Entries taken from a collection

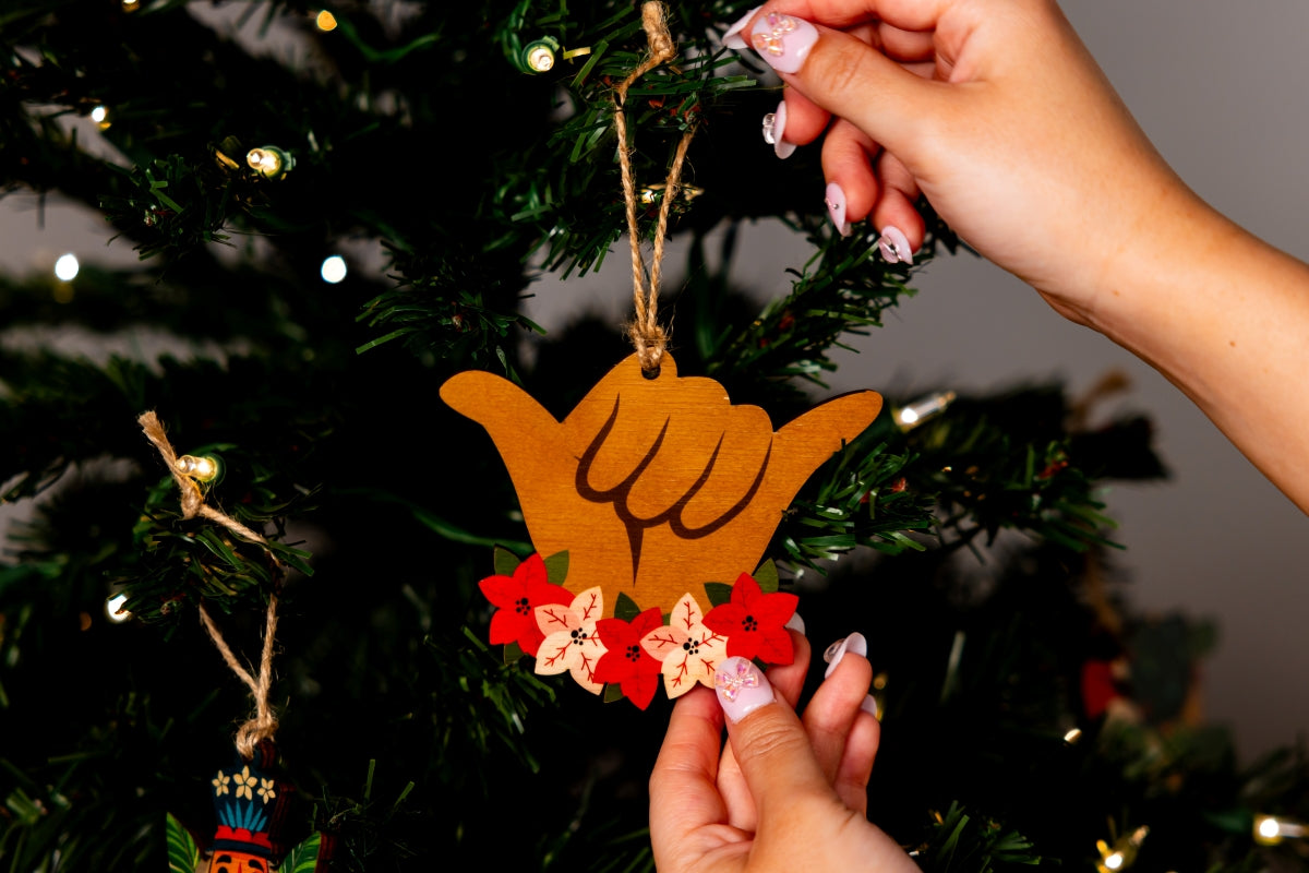 Share the spirit of aloha this season with our Shaka Kupeʻe Ornament! Featuring Hawai‘i’s iconic shaka hand surrounded by festive red and white poinsettias, this ornament blends island style with holiday cheer. A fun keepsake or gift that spreads good vibes and Mele Kalikimaka wherever it hangs. Designed by local CocoNene artists — Made in Hawai‘i, made with aloha.
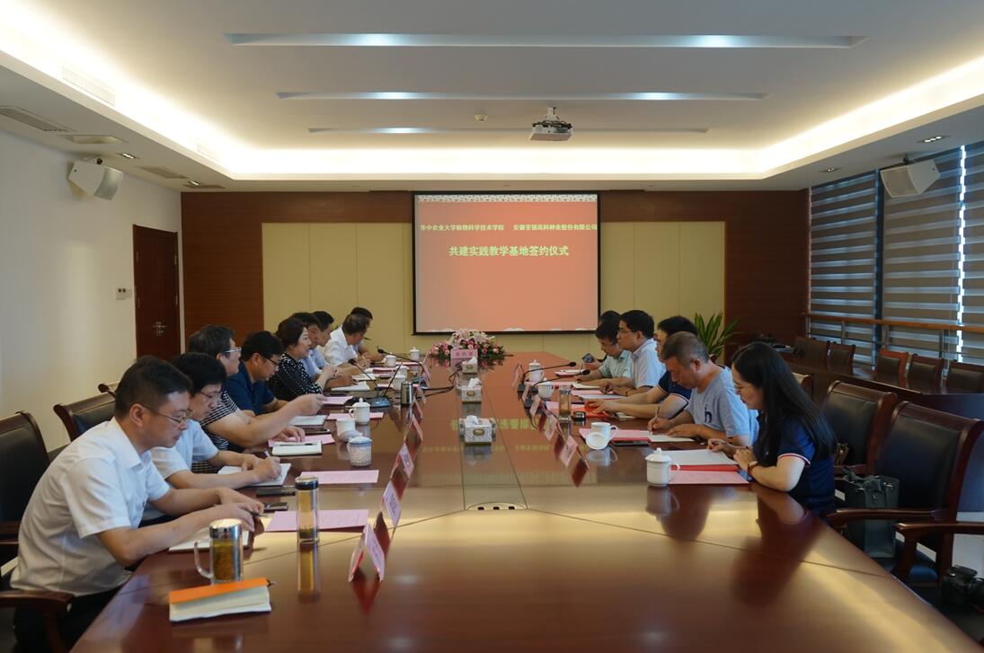 ??? 2019年8月12日,華中農(nóng)業(yè)大學(xué)校黨委常委、組織部長(zhǎng)李向東,植物科學(xué)技術(shù)學(xué)院黨委書記周雄,植物科學(xué)技術(shù)學(xué)院院長(zhǎng)嚴(yán)建兵一行蒞臨荃銀高科,雙方簽署荃銀高科國(guó)際合作班建設(shè)協(xié)議并座談交流,荃銀高科副董事長(zhǎng)、總經(jīng)理張琴,副總經(jīng)理、首席技術(shù)官、荃銀農(nóng)科院院長(zhǎng)張從合,副總經(jīng)理朱全貴等領(lǐng)導(dǎo)熱情接待了李向東常委一行。
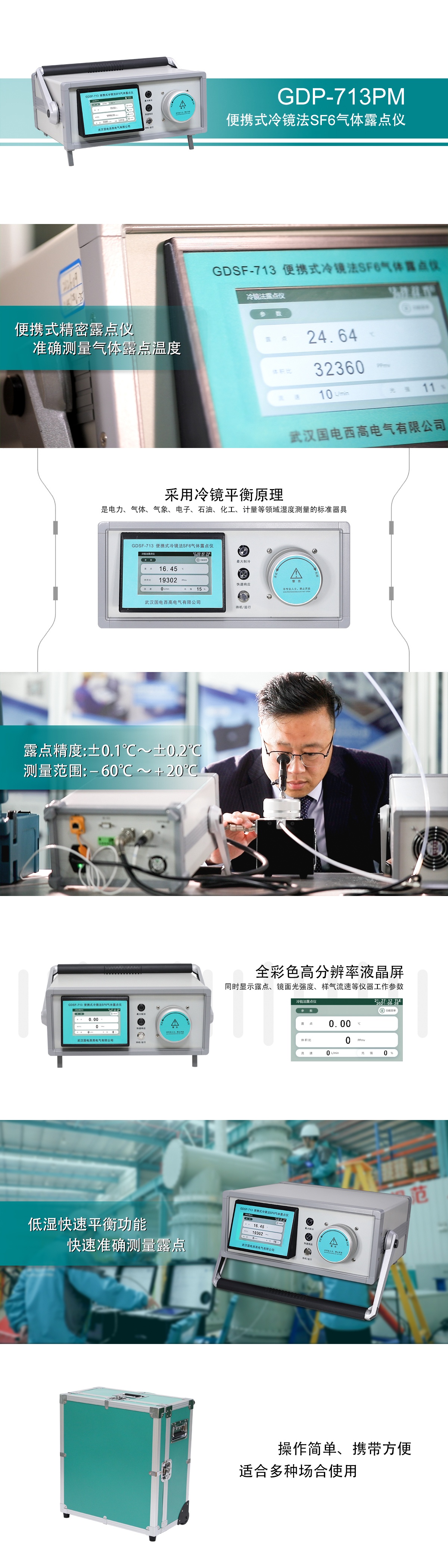 GDP-713PM 便攜式冷鏡法SF6氣體露點儀是電力、氣體、氣象、電子、石油、化工、計量等領(lǐng)域濕度測量的標準器具,是建立濕度標準裝置的理想選擇。
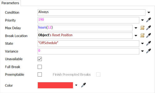People Down Behavior object are pre-configured Down Behavior objects that help provide Shift Schedule functionality. When a Time Table event occurs that uses this Down Behavior a token is created in the Shift Schedule process flow with label values based off the parameters set in the Parameters page. The token in the Shift Schedule flow will attempt to acquire the object going down in order to make them unavailable for acquiring by other things in the model. The parameters on this tab affect various aspects of how the resource is acquired and just how unavailable they are during the break.
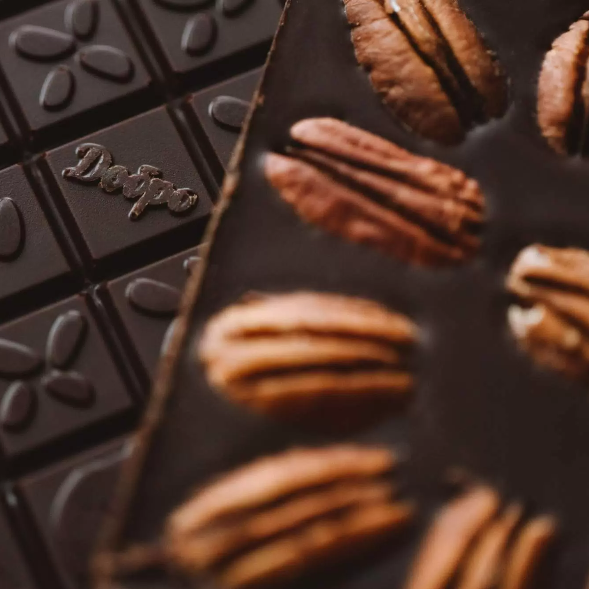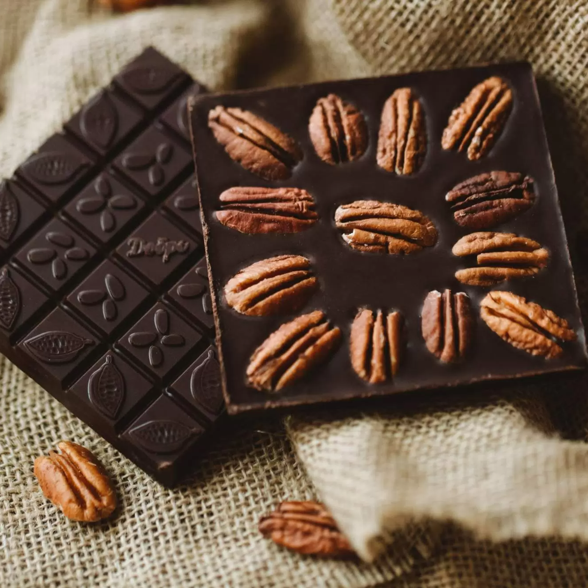 Шоколад с пеканом вы захотите есть снова и снова. Потому что забыть сочетание горького натурального шоколада и изысканного и слегка жирноватого пекана трудно. Особенно, если пекан в шоколаде отборный, с нежным ванильно-шоколадным вкусом.Без горчинки, которую можно встретить у грецких орехов.Немного нежнее и мягче обычных орехов.С приятной сладостью и маслянистостью.Мы используем свежий пекан из Крыма, а не из Северной Америки с доставкой в несколько месяцев.Если вы закроете глаза и попробуете качественный орех пекан, вы подумаете, что это такое вкусное печенье. Насколько он поражает своим вкусом.Именно такой пекан в шоколаде Добро.Представьте, как приятно, когда вы чувствуете маслянистость орешка в сочетании с плотным горьковатым вкусом шоколада. Крупного пекана, не измельченного в безвкусную крошку. Сохранившего свой истинный вкус, за который мы так любим этот изысканный орех.
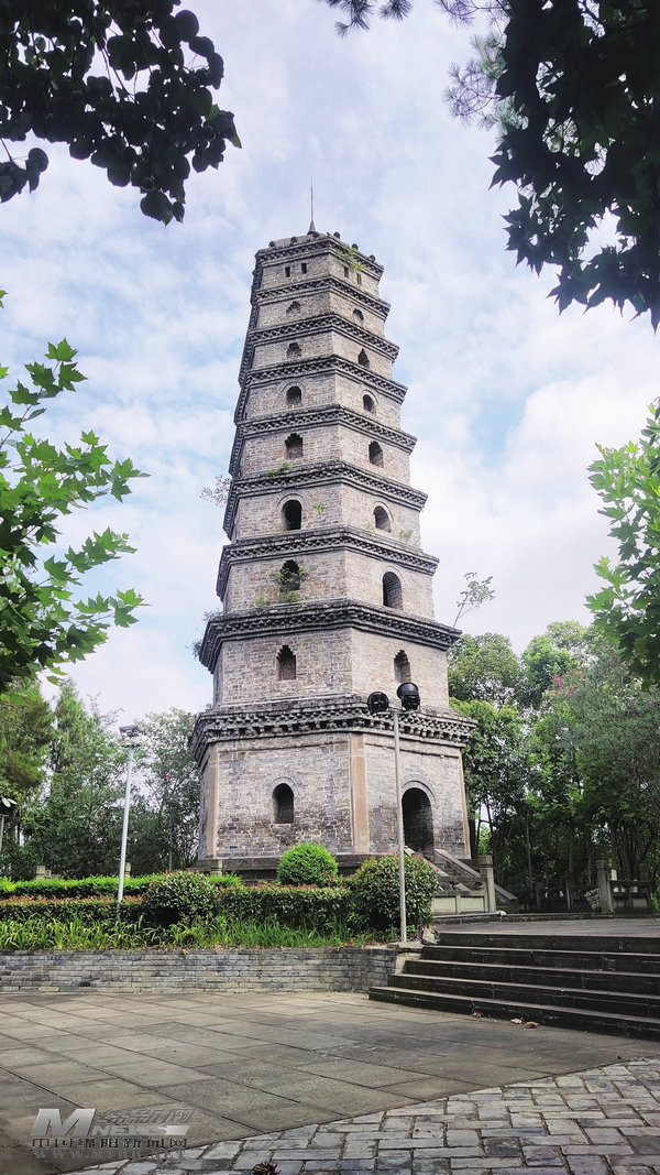 東塔建造于明代萬歷年間,塔坐西北向東南,為九級六邊密檐閣樓式磚石塔。塔通高24米,塔基高1.3米,底層邊長4米,首層不計檐高2.8米,底層各角嵌石柱,正面石柱上書明代潼川(今三臺)知府陳南金塔聯(lián):“九級浮屠,舉步凌云霄以上;三巴砥柱,陶情在山水之間。”塔頂有七律詩殘句:“青春結(jié)客上東山,千里江城一望間。”清代道光年間貢生陳謙記:“塔勢插煙霄,登臨眼界超。河流盤地闊,山色壓城遙。”清張智瑩記:“塔高鈴共語,月朗磐同催。”
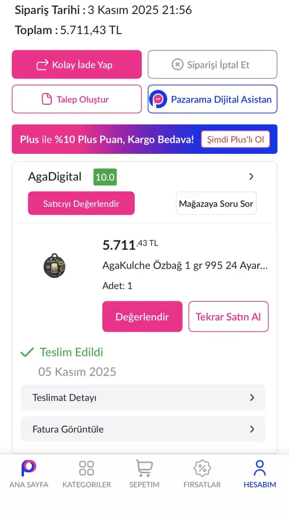 Trendyolda ki 1 gram ile arasında bin TL fark var neredeyse
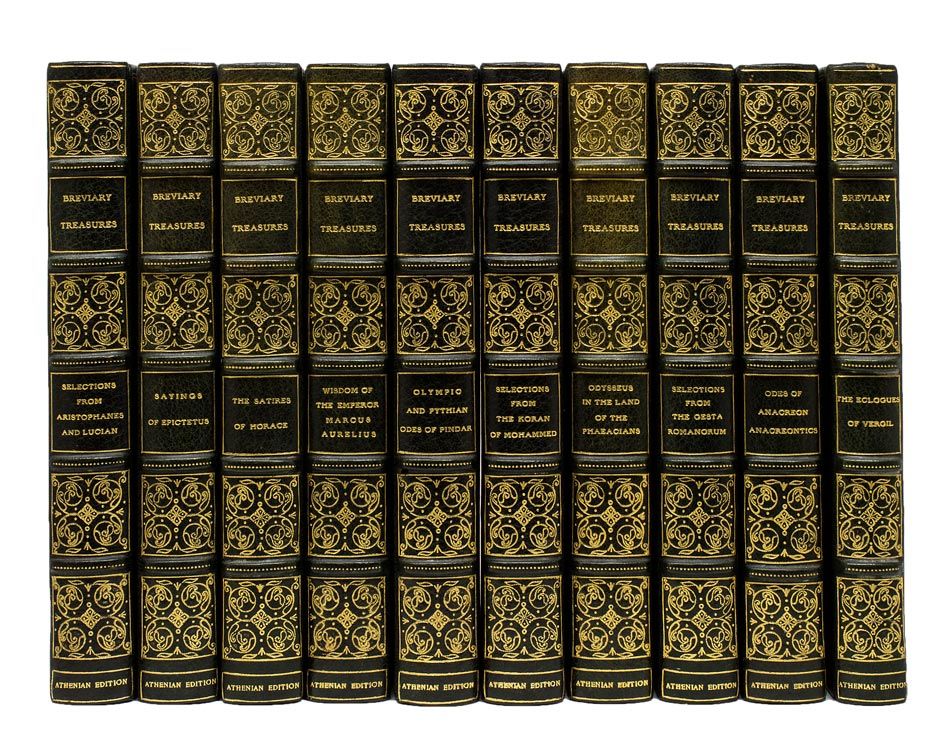 Boston: Privately Printed by Nathan Haskell Dole, 1905. The Athenian Edition, Number 78 of 100 copies on Royal Japanese vellum. Illustrated with frontispieces and head and tail-pieces. 10 vols. 8vo. Bound in full dark blue french levant, gilt spines, t.e.g. Fine. Bookplate of C.W.C. Deering. The Athenian Edition, Number 78 of 100 copies on Royal Japanese vellum. Illustrated with frontispieces and head and tail-pieces. 10 vols. 8vo. A choice set of this finely printed compendium of world literature:
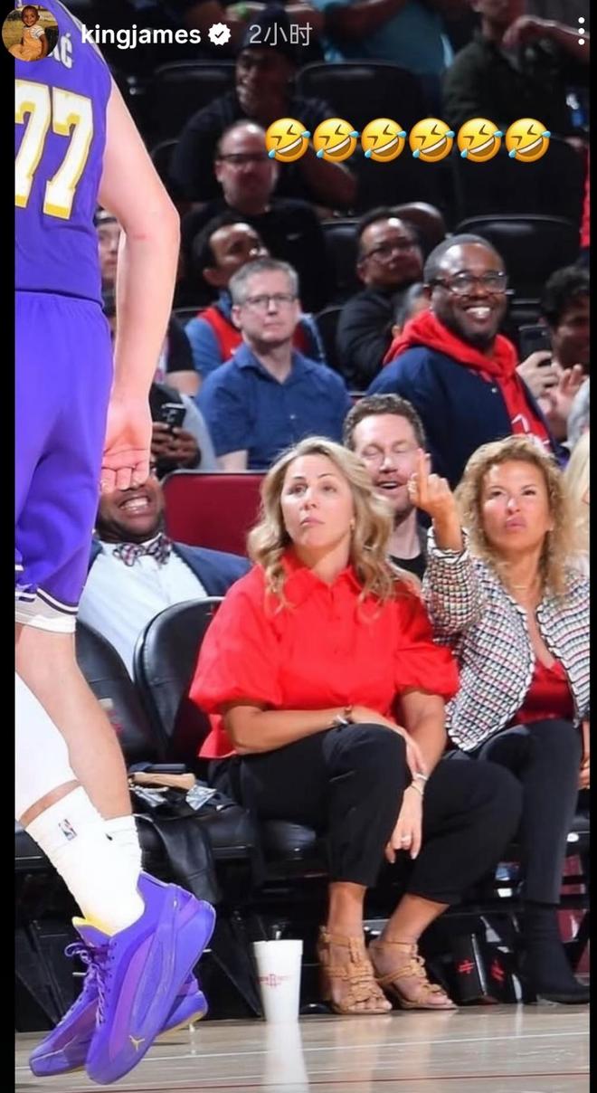 第三個動態(tài)很有趣,他在調(diào)侃東契奇與球迷的互動。詹姆斯連發(fā)6個笑哭表情,曬出場邊挑釁球迷對東契奇豎中指的名場面,用幽默方式力挺隊友,也暗合了東契奇賽后提到的“被球迷垃圾話點燃斗志”的故事。

ASSIGNMENT
The answer must be the lines above from the one containing "東塔建造于明代萬歷年間,塔坐" through the one containing "Trendyolda ki 1", reproduced exactly, with no pictures and nothing else.

WRITTEN REPLY
 東塔建造于明代萬歷年間,塔坐西北向東南,為九級六邊密檐閣樓式磚石塔。塔通高24米,塔基高1.3米,底層邊長4米,首層不計檐高2.8米,底層各角嵌石柱,正面石柱上書明代潼川(今三臺)知府陳南金塔聯(lián):“九級浮屠,舉步凌云霄以上;三巴砥柱,陶情在山水之間。”塔頂有七律詩殘句:“青春結(jié)客上東山,千里江城一望間。”清代道光年間貢生陳謙記:“塔勢插煙霄,登臨眼界超。河流盤地闊,山色壓城遙。”清張智瑩記:“塔高鈴共語,月朗磐同催。”
 Trendyolda ki 1 gram ile arasında bin TL fark var neredeyse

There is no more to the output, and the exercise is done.